There was “These Walls,” in which a midtempo R&B-styled two-stepper was gradually remodeled as an operatic showstopper. The soaring strings under his vocals served to further juxtapose the true menace of the song’s hidden message with its instrumentation. The drunken mess of “u” turned into an orchestral drunken mess, something truly spectacular to behold. The second-best performance of the night came during “The Blacker the Berry,” where the violent crescendo at the end of the song is granted a wall of forceful sound and the accompanying comedown made more soothing. And then there was the finale “Alright,” which swelled to the highest heights of hype with added fanfare and triumph from the orchestra. In the middle of it all was Lamar, dressed like a choir boy and conducting the crowd with the same command as the conductor behind him.
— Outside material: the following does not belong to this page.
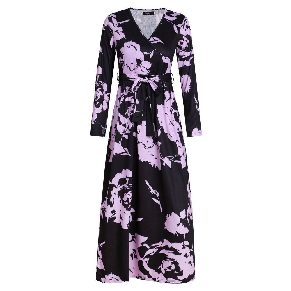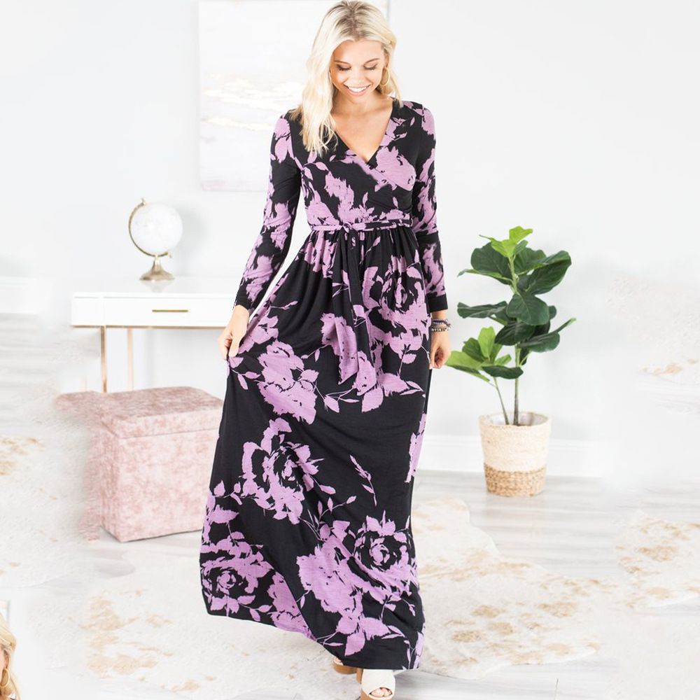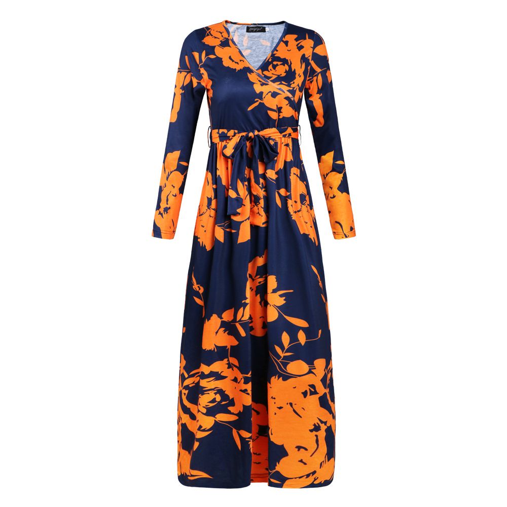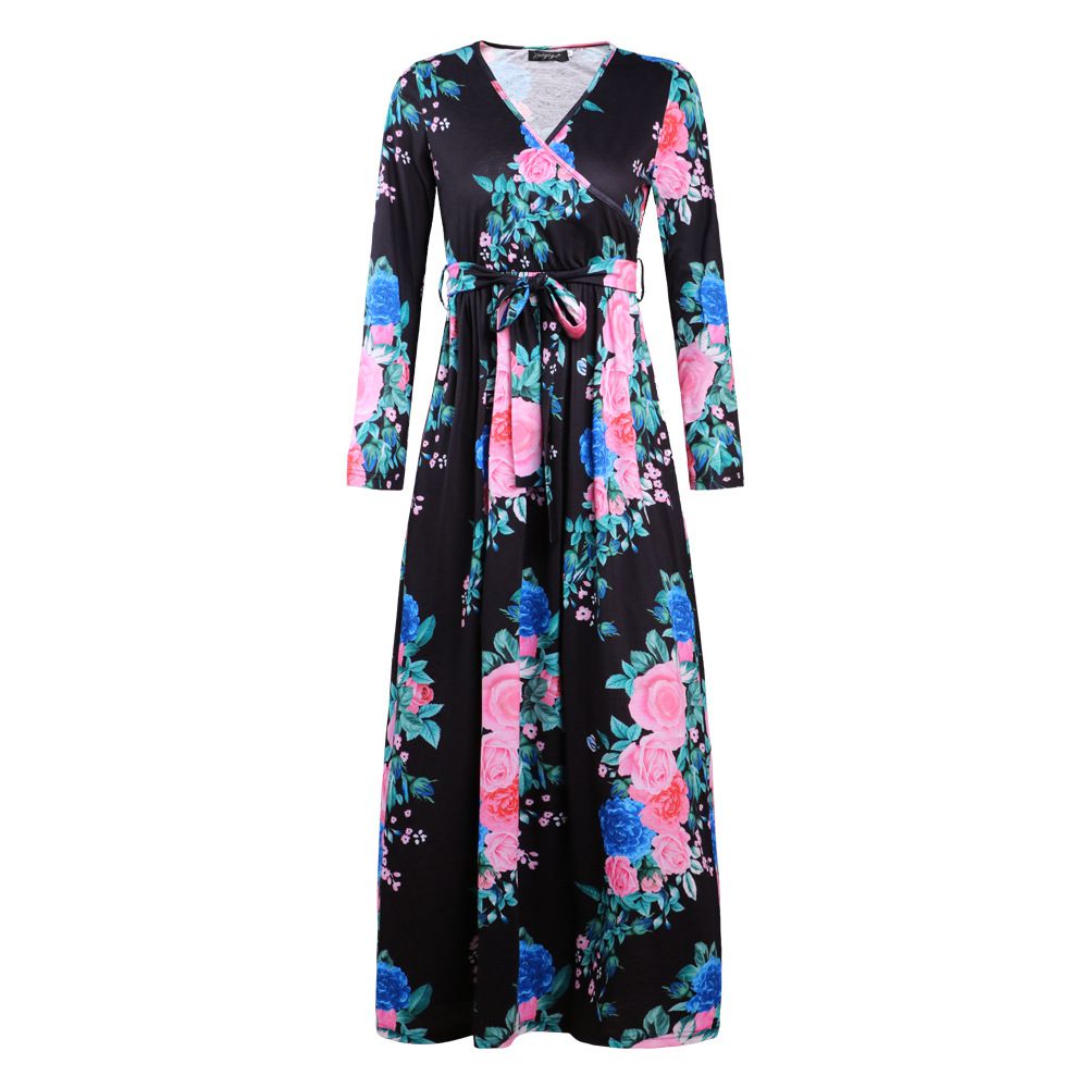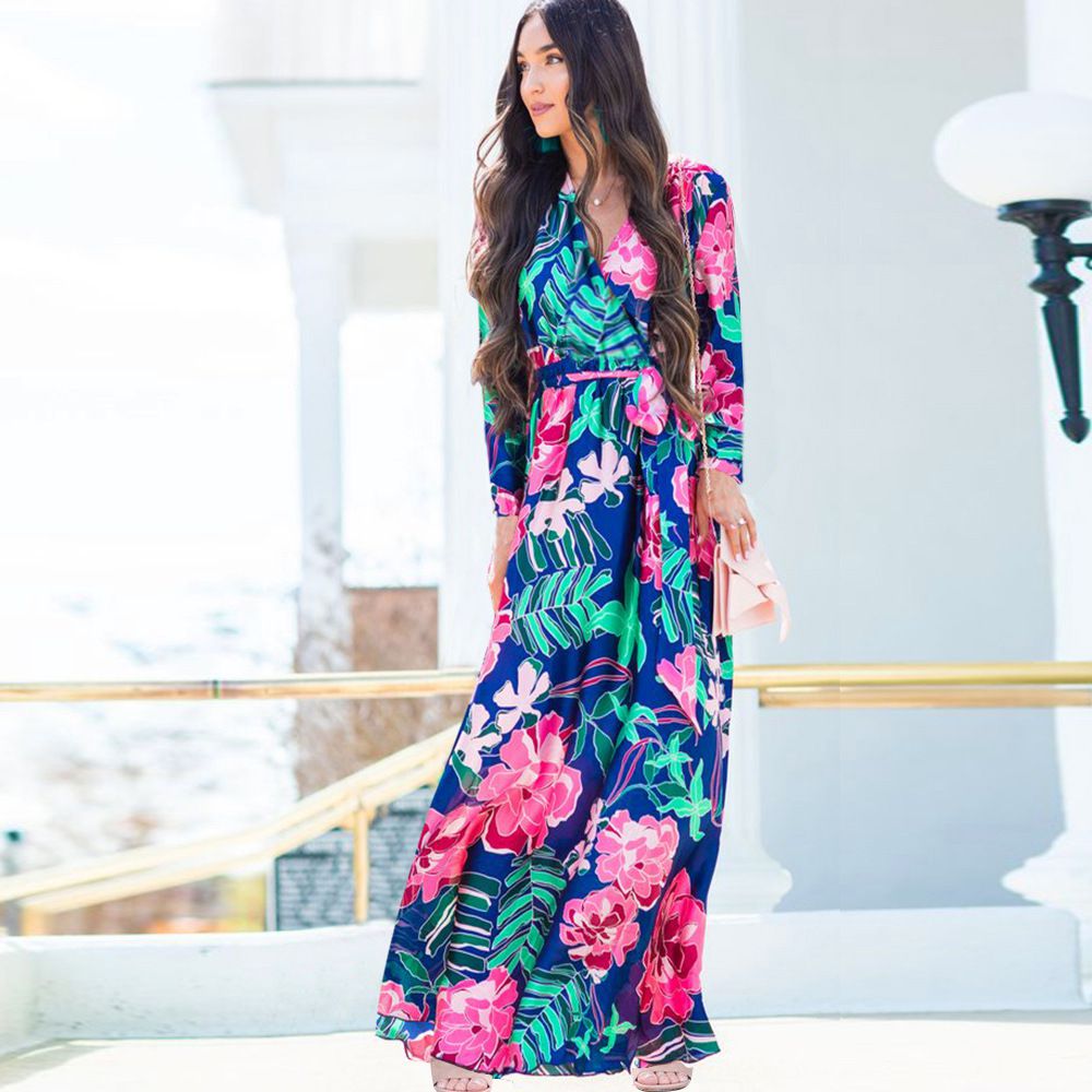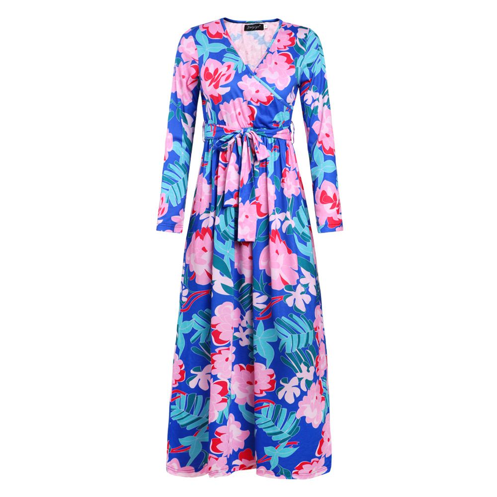 2025 autumn and winter new long skirt printing fashion v-neck long sleeve women's dress

There was definitely a risk involved here. Usually, mixing highbrow-leaning music and hip-hop carelessly smacks of a bit of cultural condescension, of a “respected” musical institution lending legitimacy to the musical ghetto. That, or the same collection of songs with a couple of strings thrown on. It takes dedication, teamwork, smarts, a command of diverse crowds, and a good ear to truly transform and blend the two styles as seamlessly as Lamar and NSO Pops conductor Steven Reineke managed to accomplish.

Rewinding back just four years, it would have been impossible to project these heights for Kendrick Lamar. Few artists have ever honed their craft as swiftly and as well as he has. Part of that ascent has been the fact that he seeks perfection and seems to be actively engaged with fans’ opinions. His bouts with Black activists have yielded a political message that becomes more and more honed and sharpened. These developments all came through on stage at the Kennedy Center.

Lamar played well on the special resonance of his songs about blackness in an enclave of the majority, which became the true transformative spirit of the show. I felt something special at yelling “Alls my life I had to fight, nigga!” in front of the orchestra that played for FDR’s inauguration. I imagine Lamar did as well. The climate inside the theater, with people of all races, with Girbauds and even a couple kente cloth robes mixed in the cocktail dresses and tuxedos, was itself a conversation about race, with Lamar’s music and performance as the cue cards. In the end, singing along to what has become the de facto Negro spiritual for Black Lives Matter, I felt like a long-awaited and expected guest of the Kennedy Center, rather than an out-of-place interloper. This is what music aspires to be.